(Work task) When the line with "El paisaje. Obras" appears below, start repeating lines exactly, and keep going through the line with "Liburuaren aurkezpenera gerturatu"; add nothing outside that span.

(Given information)
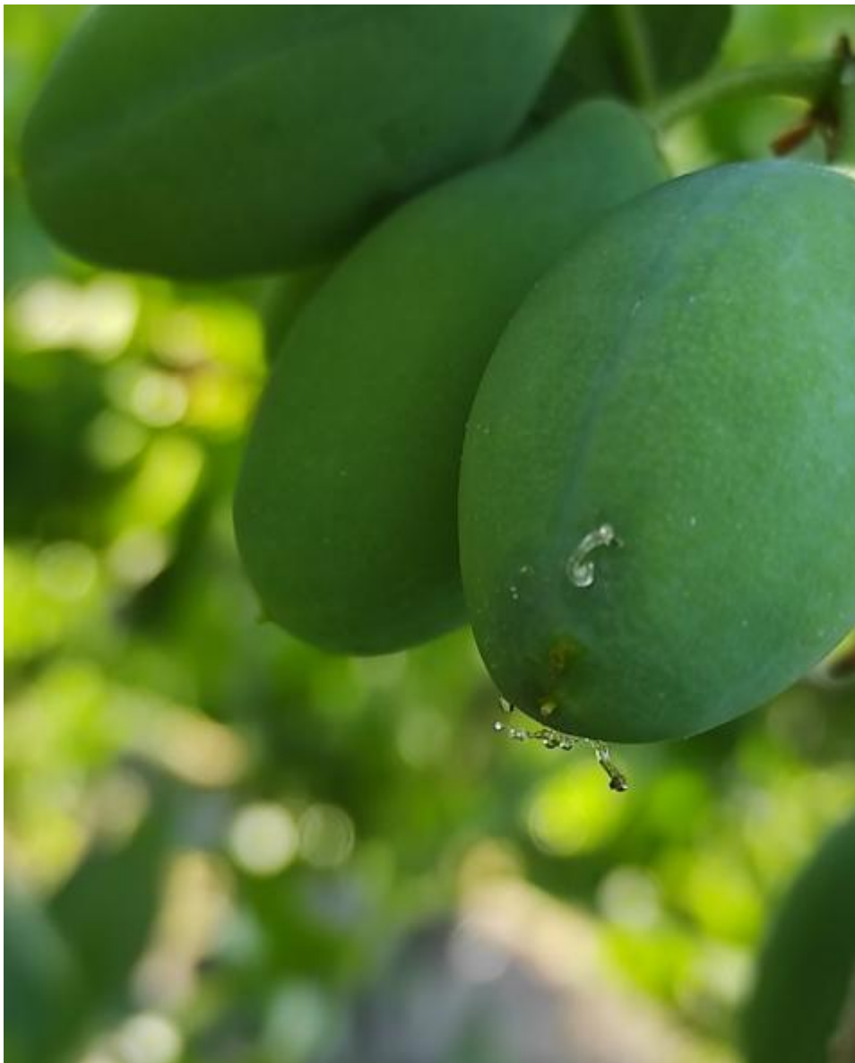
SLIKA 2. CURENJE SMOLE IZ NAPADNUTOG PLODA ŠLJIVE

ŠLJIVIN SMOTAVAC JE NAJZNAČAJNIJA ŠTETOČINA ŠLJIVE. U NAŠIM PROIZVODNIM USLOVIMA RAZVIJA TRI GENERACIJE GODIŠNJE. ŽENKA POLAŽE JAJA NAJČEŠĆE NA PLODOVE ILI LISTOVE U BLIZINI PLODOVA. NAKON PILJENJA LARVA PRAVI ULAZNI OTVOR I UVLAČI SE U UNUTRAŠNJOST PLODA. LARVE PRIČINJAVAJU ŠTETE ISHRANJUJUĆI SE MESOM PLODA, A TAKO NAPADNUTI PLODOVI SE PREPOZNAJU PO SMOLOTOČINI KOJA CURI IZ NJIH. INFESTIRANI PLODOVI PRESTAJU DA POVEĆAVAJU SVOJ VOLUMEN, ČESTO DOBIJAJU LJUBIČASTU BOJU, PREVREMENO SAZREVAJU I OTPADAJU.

...

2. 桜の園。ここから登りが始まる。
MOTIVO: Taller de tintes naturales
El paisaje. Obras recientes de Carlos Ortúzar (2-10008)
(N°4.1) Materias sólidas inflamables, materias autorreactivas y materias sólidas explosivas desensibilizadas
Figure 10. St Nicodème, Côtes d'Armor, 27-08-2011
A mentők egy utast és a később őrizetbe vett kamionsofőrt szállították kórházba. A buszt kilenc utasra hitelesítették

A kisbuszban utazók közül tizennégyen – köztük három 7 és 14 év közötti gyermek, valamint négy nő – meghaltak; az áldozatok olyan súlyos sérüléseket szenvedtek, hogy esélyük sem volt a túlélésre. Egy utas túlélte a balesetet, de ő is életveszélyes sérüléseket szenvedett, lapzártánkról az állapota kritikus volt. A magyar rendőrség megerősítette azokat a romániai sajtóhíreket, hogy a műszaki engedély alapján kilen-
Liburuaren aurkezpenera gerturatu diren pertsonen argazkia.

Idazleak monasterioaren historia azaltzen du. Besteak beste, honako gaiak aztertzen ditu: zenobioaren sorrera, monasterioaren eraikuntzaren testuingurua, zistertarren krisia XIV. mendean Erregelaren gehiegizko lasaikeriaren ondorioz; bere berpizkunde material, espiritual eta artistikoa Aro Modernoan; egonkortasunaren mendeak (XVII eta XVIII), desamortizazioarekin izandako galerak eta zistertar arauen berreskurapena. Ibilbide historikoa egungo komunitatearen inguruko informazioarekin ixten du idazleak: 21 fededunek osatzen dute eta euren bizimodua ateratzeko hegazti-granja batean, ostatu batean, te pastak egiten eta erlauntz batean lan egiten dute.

(Written reply)
El paisaje. Obras recientes de Carlos Ortúzar (2-10008)
(N°4.1) Materias sólidas inflamables, materias autorreactivas y materias sólidas explosivas desensibilizadas
Figure 10. St Nicodème, Côtes d'Armor, 27-08-2011
A mentők egy utast és a később őrizetbe vett kamionsofőrt szállították kórházba. A buszt kilenc utasra hitelesítették

A kisbuszban utazók közül tizennégyen – köztük három 7 és 14 év közötti gyermek, valamint négy nő – meghaltak; az áldozatok olyan súlyos sérüléseket szenvedtek, hogy esélyük sem volt a túlélésre. Egy utas túlélte a balesetet, de ő is életveszélyes sérüléseket szenvedett, lapzártánkról az állapota kritikus volt. A magyar rendőrség megerősítette azokat a romániai sajtóhíreket, hogy a műszaki engedély alapján kilen-
Liburuaren aurkezpenera gerturatu diren pertsonen argazkia.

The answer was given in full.